Five ways to increase connection during the holidays
Lifeline
Life is busy. We are busier than ever with work, school, after-school activities, non-stop texts and emails, events, commitments with extended family and friends, caring for aging parents, doctor appointments, church, trying to get (or stay) in shape, community groups, yard work, home improvements, laundry. The list goes on and on. It is no wonder we feel more alone, isolated and disconnected than ever. There is very little time for true connection in a world that does not stay still long enough to truly connect.

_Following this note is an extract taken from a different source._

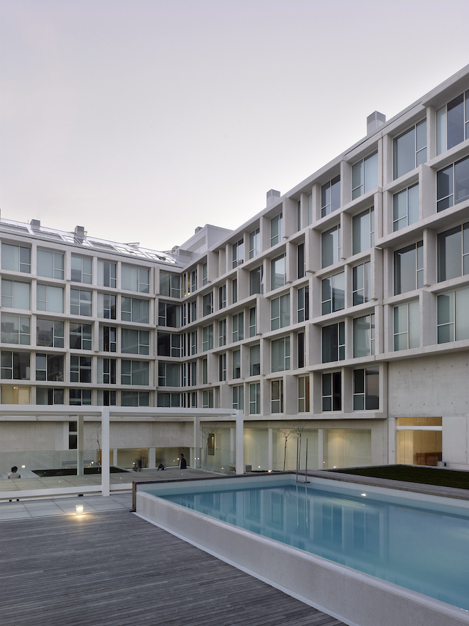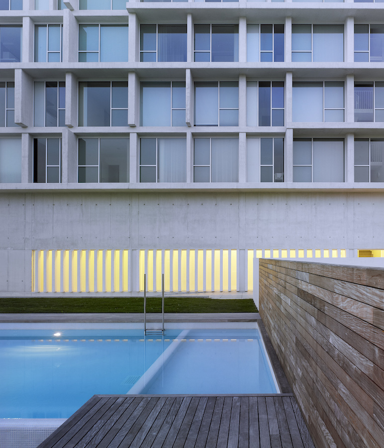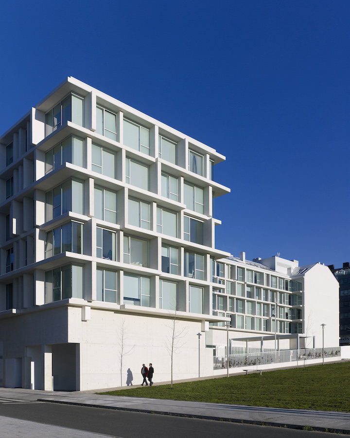 Conxunto residencial de 78 vivendas e unha singular zona de lecer privada. Caracterízase por unha fachada fragmentada, compoñendo un crisol de macizos e transparentes, claros e escuros, utilizando o vidro e o formigón branco como materiais destacados.

Why is it important to connect? God created us for connection. He did not create us to be alone. Genesis 2:18 states, “The Lord God said, ‘It is not good for the man to be alone. I will make a helper suitable for him.’” The experiences we have and the things we learn from a healthy relationship are a reflection of the connection God wants to have with us. He uses those relationships in our lives to show us more of Him. Having relationships also gives us the opportunity to demonstrate God’s love to others in how we love and care for them. So, how do we create connection in a world that does not seem to have time for connection? Below are five simple ways to increase connection that will positively impact your life.
Get filled up with God
We need to first connect with our Creator. Take time to get quiet and spend time with God. Share your fears, concerns and praises with Him and ask Him to give you his guidance and peace. Pray for your spouse and your children daily, read and meditate on His Word and ask God to reveal how He sees you and others. Choose forgiveness and ask God to give you His grace to see others through His eyes. It is much easier to love others when we are filled up with His love and have a heart that is softened for others. Once we are filled up, we can begin to pour love out and fill up our family and friends. A couple of ways to build connection with God are to read a daily devotional (I recommend Choose Life: 365 Readings for Radical Disciples by Simon Guillebaud) or to subscribe to a daily devotional on-line (such as Proverbs 31 ministries) that delivers a devotional to your inbox every day.
Date your spouse
Tending to your closest and most important relationship can seem like just another job on an already long to-do list. It is very difficult to sustain love and connection through the day-to-day grind of work, family and other obligations. The best gift you can give your kids is to have a strong, loving marriage. So date your spouse. Couples who spend time alone each week have more than three times higher levels of happiness, positive communication and sexual satisfaction than those who do not spend that time together. It does not have to be expensive or elaborate; it just needs to be time alone together. The dates could even be at home once the kids are in bed. You could have a candlelit dinner and play some nice music while you talk to each other. Never stop being curious about each other. A little investment and small changes in how you treat your spouse will help cushion your relationship from the daily demands of life and will provide an invaluable connection.
Eat dinner as a family
Eating dinner together as a family is extremely important for family connection and it has numerous benefits. Family dinners strengthen family bonds and give children a sense of security and a feeling of belonging. Studies have shown a significant link between family dinners and higher academic performance. A research study of 5000 teenagers found that when children eat with their parents regularly, they are more likely to be emotionally stable, better adjusted, have better manners and have good communication skills. Wow! All that just from sitting down together for family dinners.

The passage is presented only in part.